CINEMA

Grandes histórias em poucos minutos: Festival de Brasília exibe 11 curtas

Trazendo narrativas potentes e diversas, a Mostra Competitiva Nacional se inicia no festival de Brasília do Cinema Brasileiro

Dança dos Vagalumes, de Maikon Nery (PR) -  (crédito: Divulgação/ Festival de Brasília do Cinema Brasileiro )
Dança dos Vagalumes, de Maikon Nery (PR) - (crédito: Divulgação/ Festival de Brasília do Cinema Brasileiro )

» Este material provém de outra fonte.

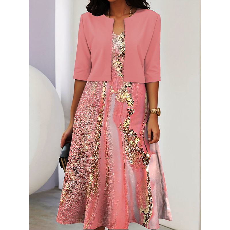 Women's Dress Set Summer Dress Casual Floral Print Midi Dress 3/4 Length Sleeve Crew Neck Outdoor Daily Pink Blue Green Summer Spring Regular Fit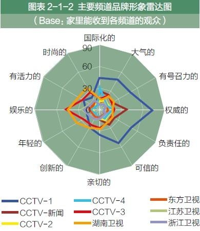 从主要频道品牌形象雷达图可以看出,重点上星频道明显分化为两个阵营,一个是CCTV-1引领的新闻阵营,给人权威的、可信的、负责任的、大气的、国际化的、有号召力的频道印象,另一个就是湖南卫视、CCTV-3引领的综艺阵营,给人娱乐的、年轻的、时尚的、有活力的、创新的、亲切的频道形象。两种阵营的分化,使得频道朝着专业化、精品化的方向发展。
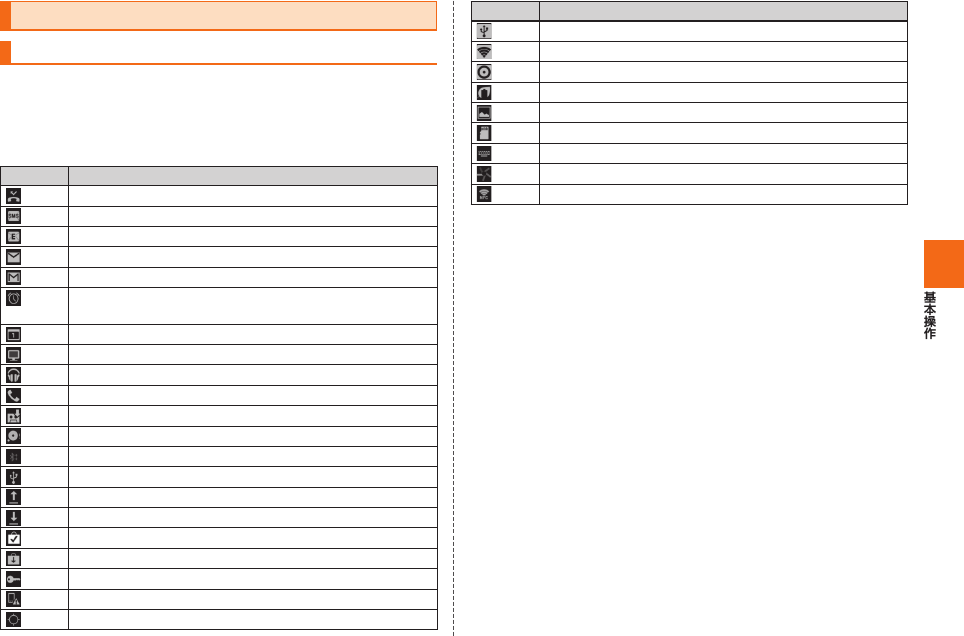 ステータスバーの左側には不在着信、新着メールや実行中の動作など

Com início neste sábado (13/9), a Mostra Competitiva Nacional de Curtas traz para o Cine Brasília 11 curtas com narrativas e formatos cinematográficos muito diferentes. Histórias LGBTQIAPN , documentários sobre experiências pessoais dos diretores e projetos com abordagens políticas compõem o festival com realizadores de norte a sul do país.

Único curta do DF, Fogo Abismo tem direção de Roni Sousa em sua estreia no festival. O documentário aborda lembranças de infância na Vila Rabelo, uma das maiores ocupações de Brasília. "O filme coloca em contraste a cidade planejada e as ocupações, trazendo à tona as tensões que atravessam quem vive nesses lugares. É uma obra construída de dentro da comunidade onde cresci. Meus pais e familiares foram alguns dos primeiros moradores, e essa vivência está em vários detalhes do filme. O diferencial é mostrar que a periferia pode produzir suas próprias imagens e narrativas, sem necessariamente precisar do olhar de fora", reforça Roni.

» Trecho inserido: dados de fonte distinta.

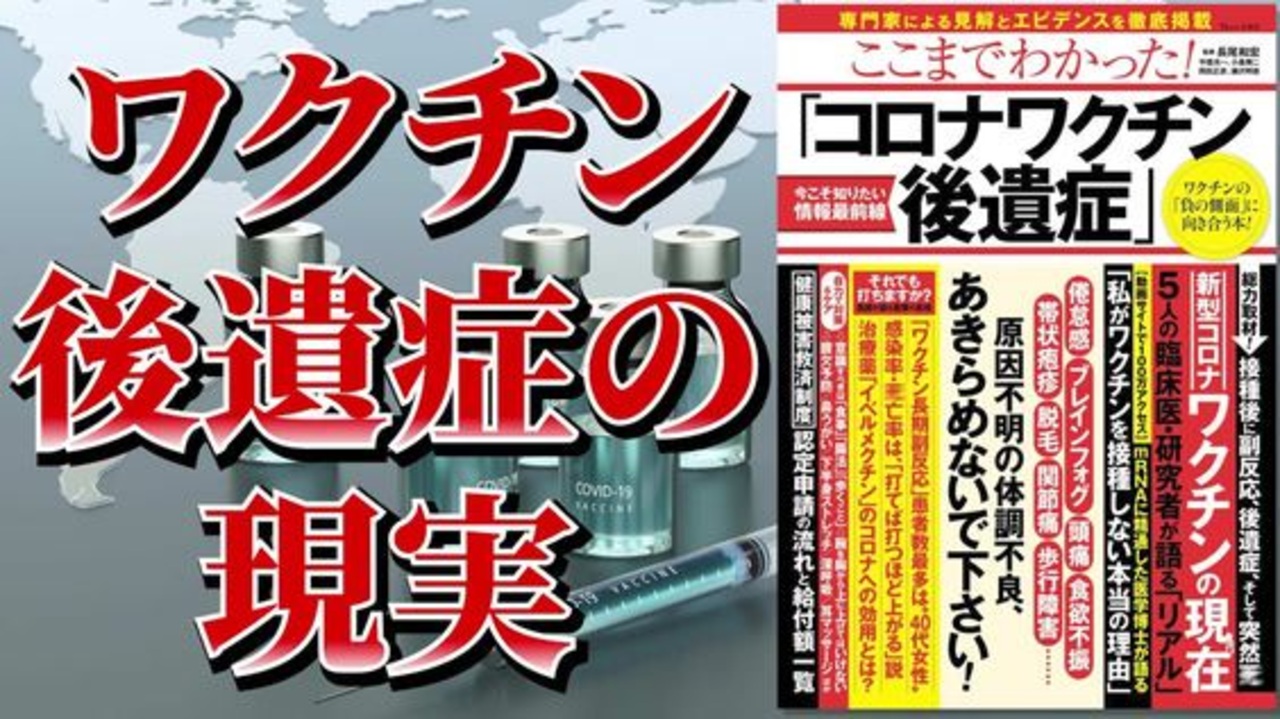 ◆動画のもくじ<br><br>0:00 オープニングムービー<br><br>0:55 動画のもくじ<br><br>1:23 第一章「新型コロナワクチンの現在」<br><br>3:55 第二章「コロナワクチン後遺症の実態」<br><br>8:35 第三章「コロナワクチン後遺症の改善法」<br><br>12:24 第四章「コロナワクチン後遺症対策」<br><br>16:05 書籍紹介<br><br>2023年3月から、「マスクの着用」の判断が原則私たち国民に委ねられ、5月からは、新型コロナの感染症法上の位置づけが5類に移行しました。<br>私たちは「日常」を取り戻しつつある一方、2021年に始まった新型コロナワクチンの接種には、様々な疑念がつきまとっています。<br>コロナワクチンを接種した後に原因不明の体調不良に悩まされている方々、接種直後に家族を亡くされ、悲しまれていらっしゃる方々は、確かに存在します。<br>その事実からは決して目を背けることはできません。<br><br>本誌では、一般に「ワクチン後遺症」と呼ばれる事象に真剣に向き合い、コロナやワクチンに精通した5人の医師に徹底取材。<br>それぞれの異なる見解や説、先生方の臨床・研究の成果を惜しまず公開しています。<br>今なお原因不明の体調不良に悩まされている方々には、是非この本を手に取って頂きたいと思います。<br>快方に向かう糸口が見つかるかもしれません。<br>これからのワクチン追加接種を悩まれている方々にも、選択のための有益な情報をお届けします。<br><br>※出典・本要約チャンネル様 <a href="https://www.youtube.com/@user-sf8vs7vs5k/videos" target="_blank" rel="noopener nofollow">https://www.youtube.com/@user-sf8vs7vs5k/videos</a>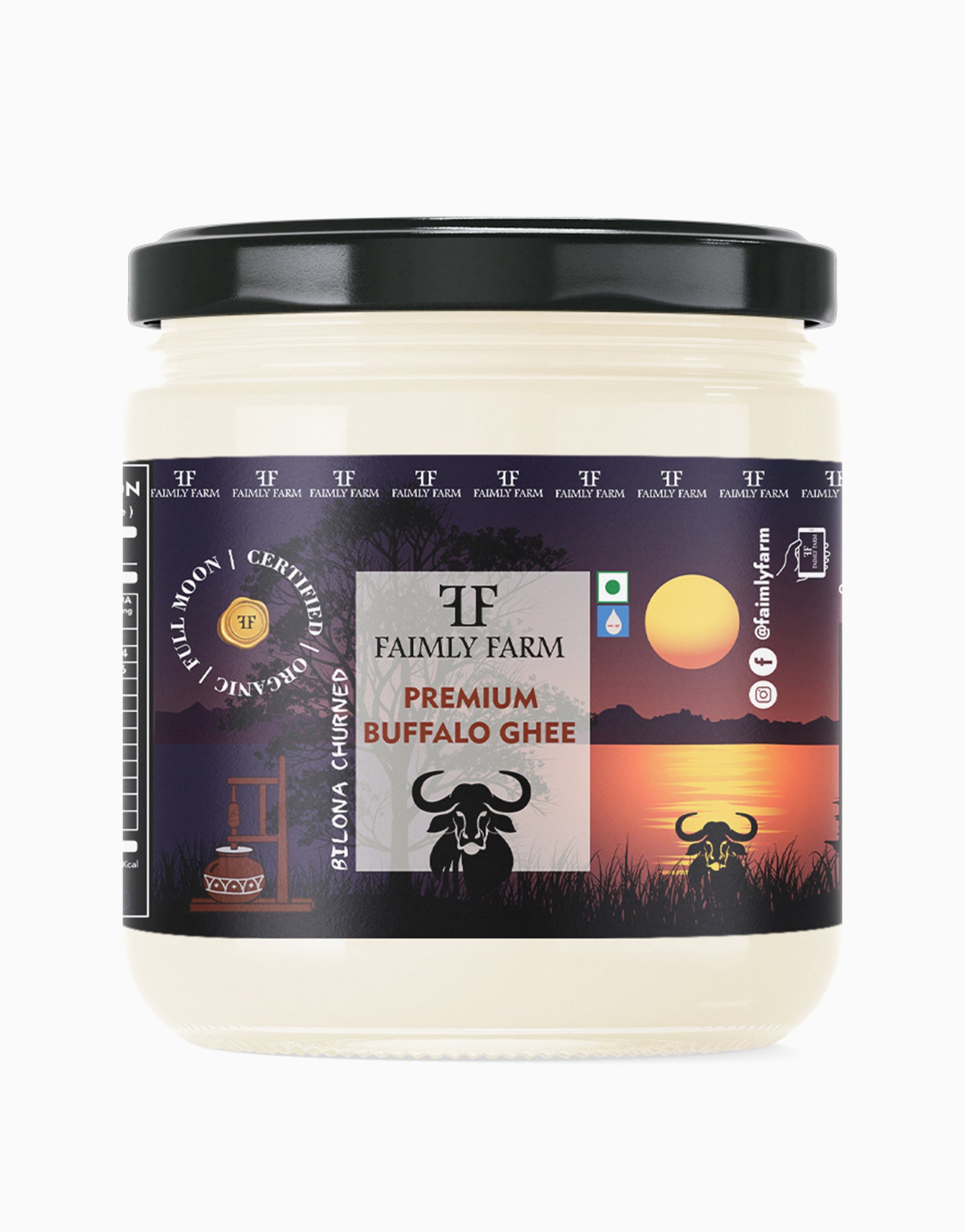 Premium Full Moon Buffalo Ghee from Faimly Farm is a certified organic ghee prepared with buffalo milk and traditional moon-cycle methods. Crafted during the Purnima (Full Moon) phase, it is believed to carry enhanced energy, depth, and sacred resonance.

Misturando documentário e ficção, Logos chega com direção de Britney, do Rio Grande do Sul. "Logos nasceu da experiência de perder a consciência — em 2020, fiquei intubada durante 14 dias com covid. O filme parte dessa vivência para refletir sobre memória, afeto e a corporalidade trans em um espaço hospitalar", conta a diretora. O curta pega um momento tão delicado e pessoal e transforma em arte, compartilhando a vivência ao público.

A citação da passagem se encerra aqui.